Liputan6.com, Jakarta - Ekonom memperkirakan neraca perdagangan Indonesia pada Juni 2017 akan kembali mencetak surplus berkisar antara US$ 716 juta-1,1 miliar. Proyeksi surplus neraca perdagangan tersebut lebih rendah dari ramalan Bank Indonesia (BI) sebesar US$ 1,4 miliar di bulan keenam ini.
Ekonom PT Bank Permata Tbk, Josua Pardede memperkirakan laju ekspor Indonesia di Juni ini turun 9,32 persen (year on year/YoY), dan pergerakan impor juga merosot 8,65 persen (Yoy).
"Karena itulah, neraca perdagangan Juni diperkirakan surplus US$ 716 juta," kata dia dalam Forecast Neraca Perdagangan yang diterima Liputan6.com, Jakarta, Senin (17/7/2017).
Ia menjelaskan, kinerja ekspor Indonesia pada bulan keenam ini didorong faktor musiman Idul Fitri, serta libur panjang Lebaran yang mengakibatkan aktivitas perdagangan turun signifikan.
Baca Juga
Advertisement
Volume ekspor, ucap Josua, ikut turun dipengaruhi melambatnya aktivitas manufaktur pada beberapa mitra dagang Indonesia, yakni Amerika Serikat (AS), Jepang, India, dan Singapura.

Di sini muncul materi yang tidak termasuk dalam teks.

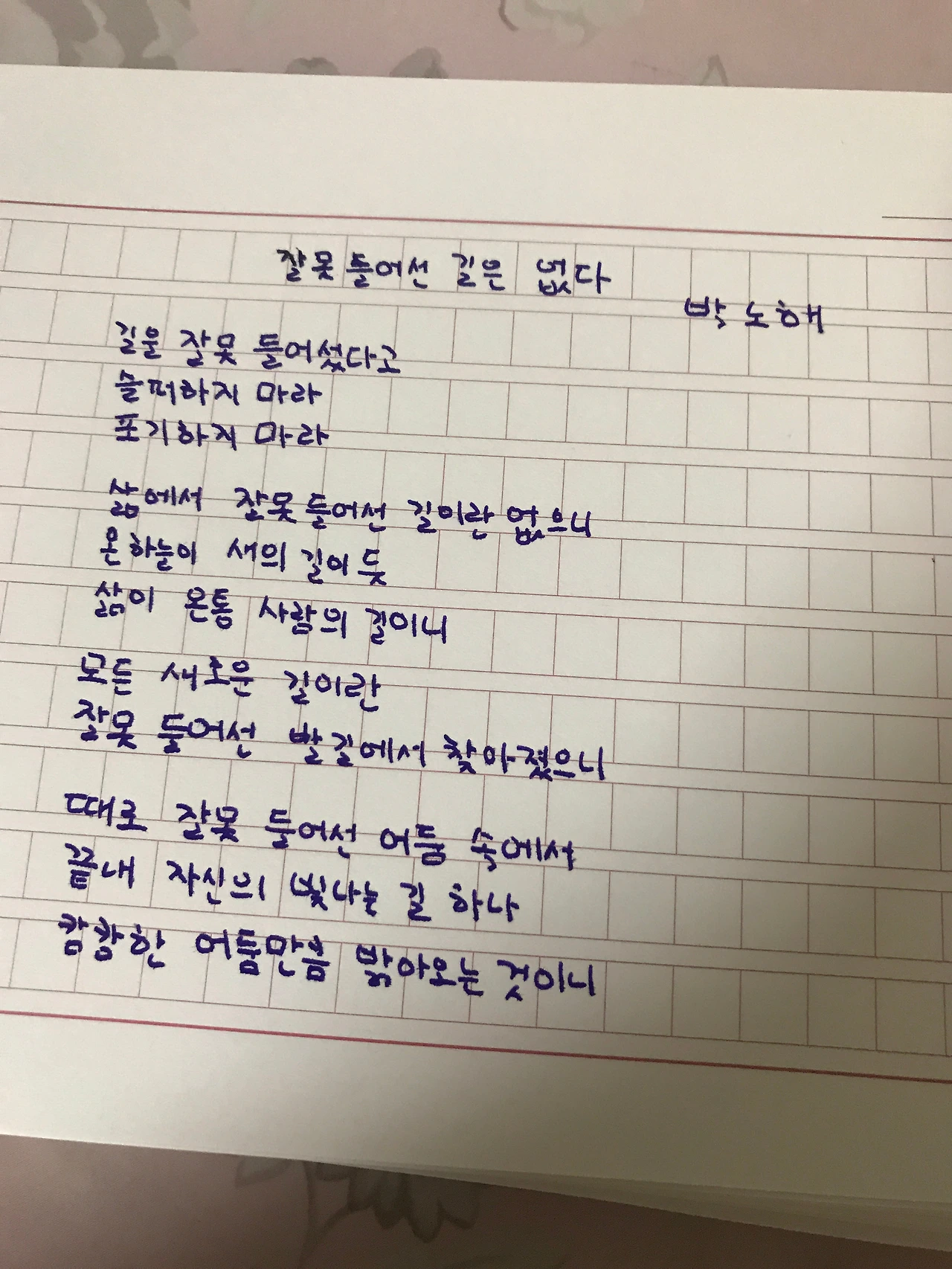 [0705] 035_잘못 들어선 길은 없다 by 박노해길을 잘못 들어섰다고 슬퍼하지 마라포기하지 마라 삶에서 잘못 들어선 길이란 없으니 온 하늘이 새의 길이 듯 삶이 온통 사람의 길이니 모든 새로운 길이란 잘못 들어선 발길에서 찾아졌으니 때로 잘못 들어선 어둠 속에서 끝내 자신의 빛나는 길 하나 캄캄한 어둠만큼 밝아오는 것이니
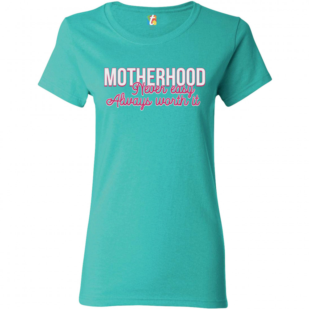 MOTHERHOOD NEVER EASY ALWAYS WORTH IT t-shirt mother's day mom women's tee light blue
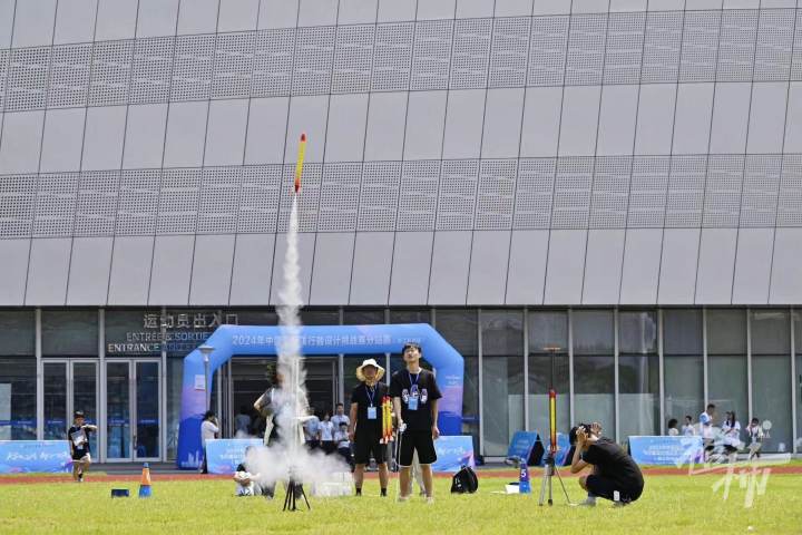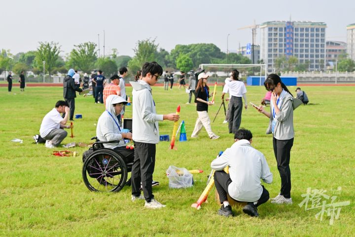 一次次试飞,一遍遍记录飞行数据,调整完毕再重飞……烈日下一练就是一下午,为的就是打磨细节。“这个(带降、伞降模型火箭发射)项目分为很多步骤,每个步骤又有很多的细节,稍不注意,就会对发射产生很大的影响。在一次一次失败中积累经验,才能做出最完美的作品。”李嘉成说,“这次参赛,希望能够拿到好成绩,同时也是为后续的比赛积累经验。”
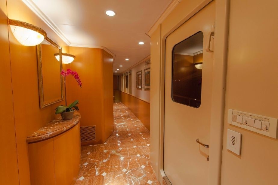 There are 2 Queen Staterooms below deck aft plus an on-deck Queen Stateroom, all with ensuite marble bathrooms with showers.
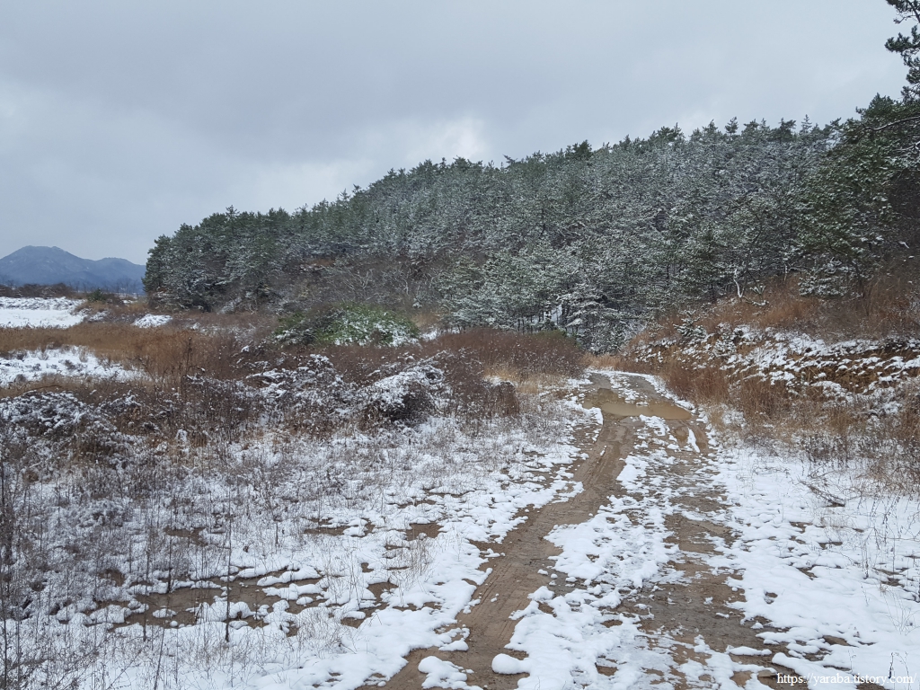산 아랫자락을 따라 이어진 흙길을 따라 팽목방조제 방면으로 이동한다. 때로 물웅덩이를 만나면 갑갑하지만 웅덩이 주위에 조금 얼은 땅은 웅덩이에 빠지지 않고 길을 지날 수 있게 해 준다. 이럴 때는 싸늘한 날씨가 고맙다.
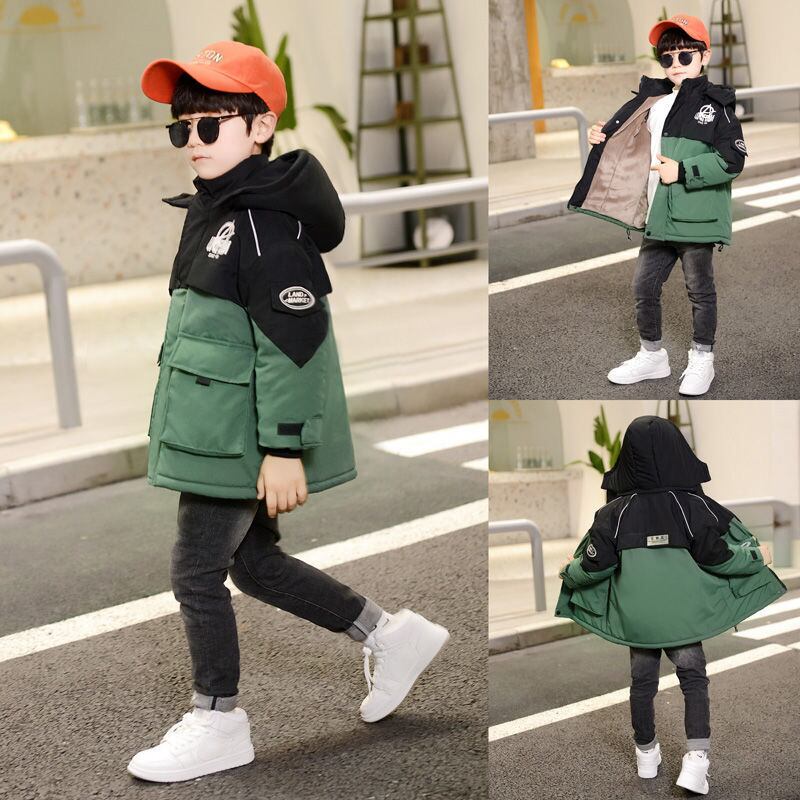 新作 4 5 6 7 8 9 10 11 12 Years Kids Teens Boys Coats 2021 Winter Hooded Jacket Cotton Patchwork Children Boys Outfits Fleece Parkas
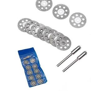 - Jogo com 10 discos diamantados 22mm e 2 hastes 3mm
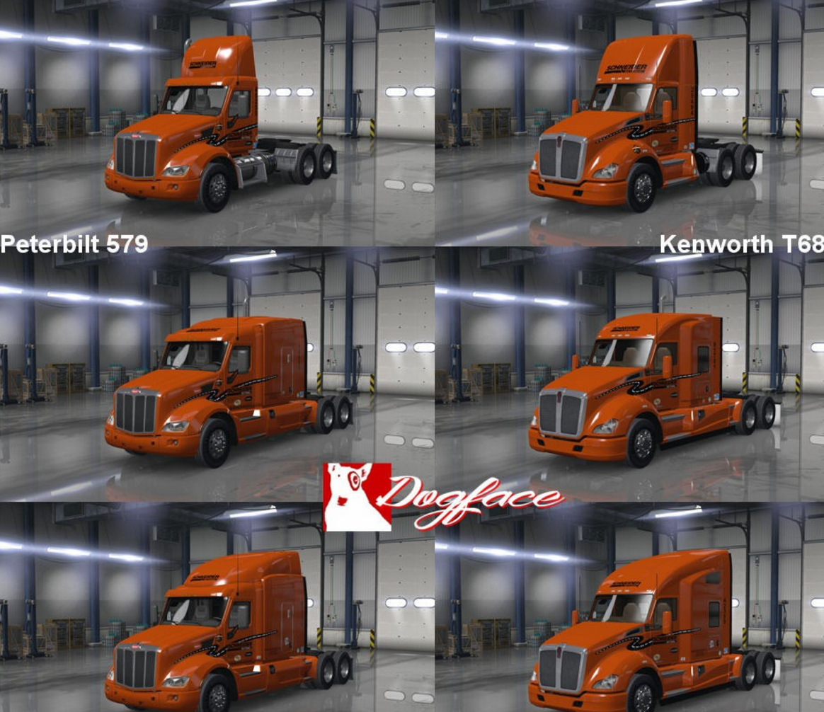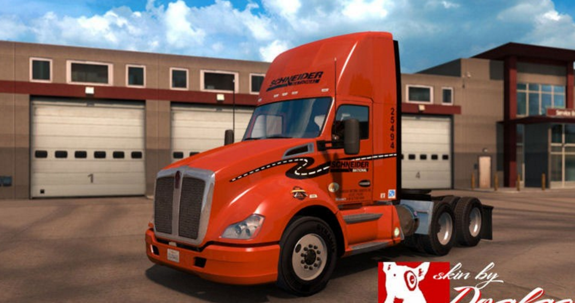 Schneider National is one of the larger American trucking companies. They run almost exclusively Freightliners, but until Freightliners are available in the game I will have to skin the trucks that are in-game. The decals are authentic to the truck company, and the day cab has the appropriate intermodal stickers. And there is an Easter egg on the deck behind the cab on the mid-roof and high-rise cabs.

"Secara pricewise, harga beberapa komoditas ekspor cenderung melambat pada Juni ini, yakni minyak kelapa sawit mentah (CPO) dan karet alam," ia menerangkan.
Lebih jauh, tutur Josua, laju impor turun karena melambatnya aktivitas manufaktur domestik pada Juni. Indikasinya adalah penurunan volume produksi akibat faktor musiman sehingga menyebabkan impor bahan baku dan impor barang modal melorot.
Sementara itu, ekonom SKHA Institute for Global Competitiveness (SIGC), Eric Sugandi, meramalkan surplus neraca perdagangan Juni lebih besar, yakni sekitar US$ 1,1 miliar.
"Ekspor diperkirakan tumbuh 15,9 persen (YoY), impor tumbuh 16,7 persen (YoY). Nilai ekspor di Juni lebih besar daripada impor, sehingga ekspektasi saya surplus US$ 1,1 miliar di Juni 2017," ujar Eric.
Eric mengaku, pendorong kinerja ekspor utamanya dari ekspor nonmigas, seperti CPO, batu bara, dan komoditas lain hasil perkebunan, serta minyak dan gas (migas) meskipun harga migas sedang turun (month to month/MoM), tapi permintaannya meningkat.
"Adapun impor di Juni dipengaruhi permintaan musiman Lebaran, terutama barang-barang konsumsi dan bahan baku produksi," ujar Mantan Ekonom Standard Chartered Bank itu.
Sebagai informasi, perkiraan surplus neraca perdagangan pada Juni 2017 sekitar US$ 716 juta-1,1 miliar lebih tinggi dibanding realisasi Mei 2017 sebesar US$ 470 juta. Namun proyeksi neraca dagang dari Josua Pardede lebih rendah dari capaian Juni 2016 yang sebesar US$ 900,2 juta.
Dibanding perkiraan BI yang sebesar US$ 1,4 miliar, ramalan neraca perdagangan Juni oleh kedua ekonom sama-sama lebih rendah.